Everything from the line holding "子ども観察会の定番「五感準備体操」 目をつぶって 風はどちらから? |" to the last line of the material below must be retyped exactly, minus any pictures.

- Data extract
● ● ● ● ● ● ●

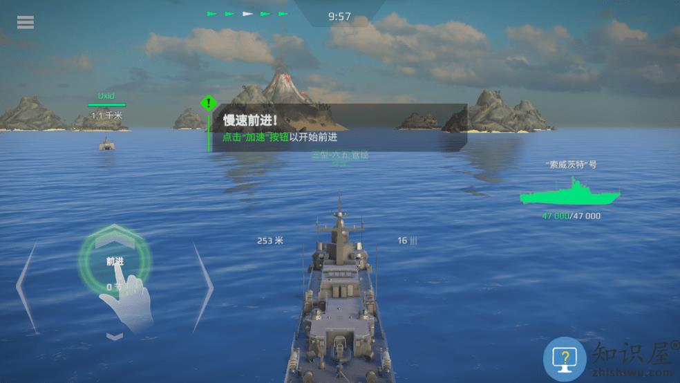 4、按两下前进键即可自动按最大速度前进,将准许移动到敌舰方向,雷达自动缩地敌方
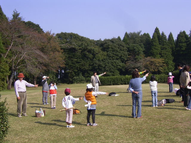子ども観察会の定番「五感準備体操」 目をつぶって 風はどちらから? |
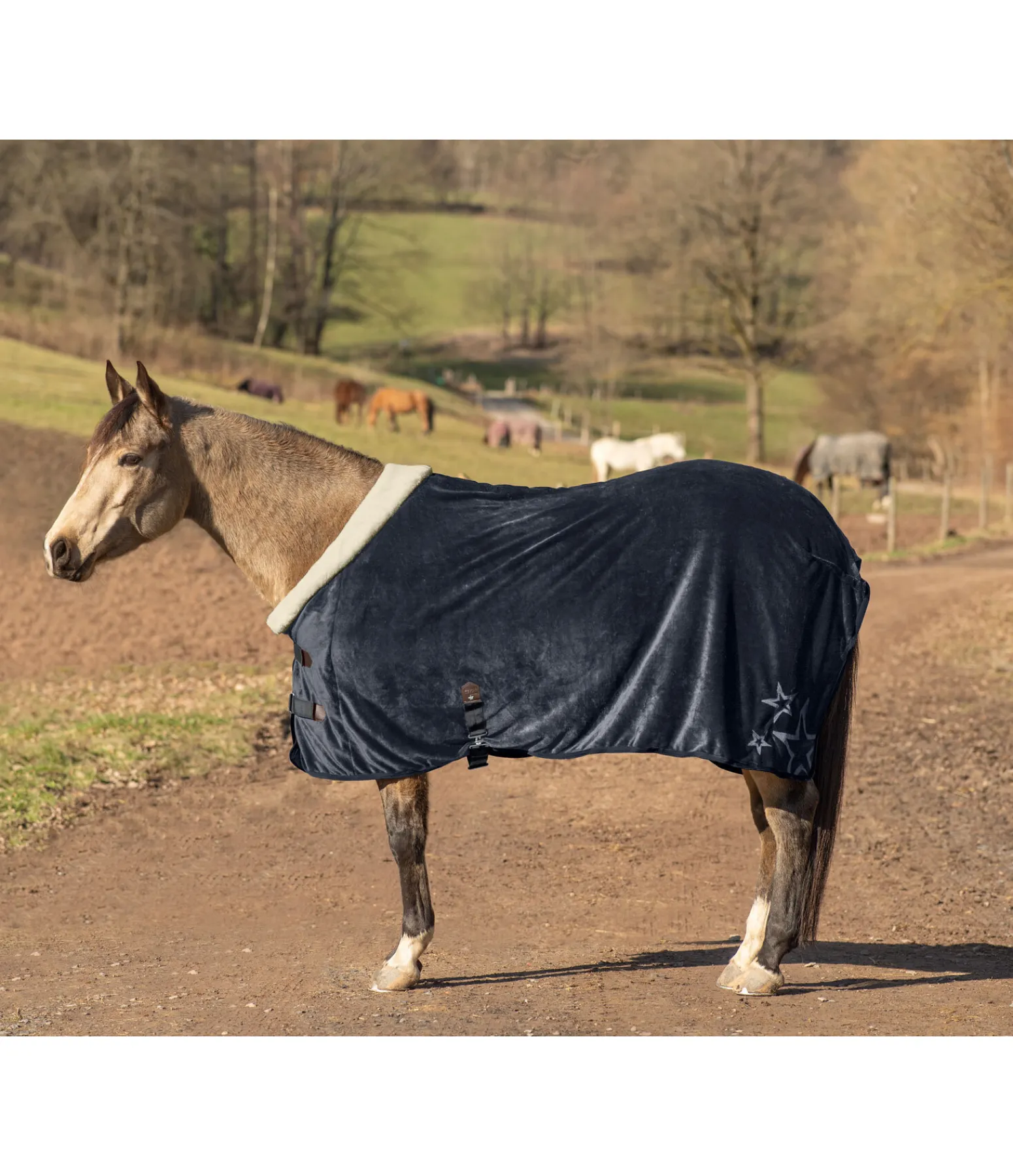 Chemise polaire douce. Matière respirante. Large encolure en polaire Teddy. Fermeture par patte auto-agrippante au niveau du poitrail . Sangle ventrale. Broderie étoilée sur le flanc. 100 % polyester.

● ● ● ● ● ● ●

- Answer for the task
子ども観察会の定番「五感準備体操」 目をつぶって 風はどちらから? |
 Chemise polaire douce. Matière respirante. Large encolure en polaire Teddy. Fermeture par patte auto-agrippante au niveau du poitrail . Sangle ventrale. Broderie étoilée sur le flanc. 100 % polyester.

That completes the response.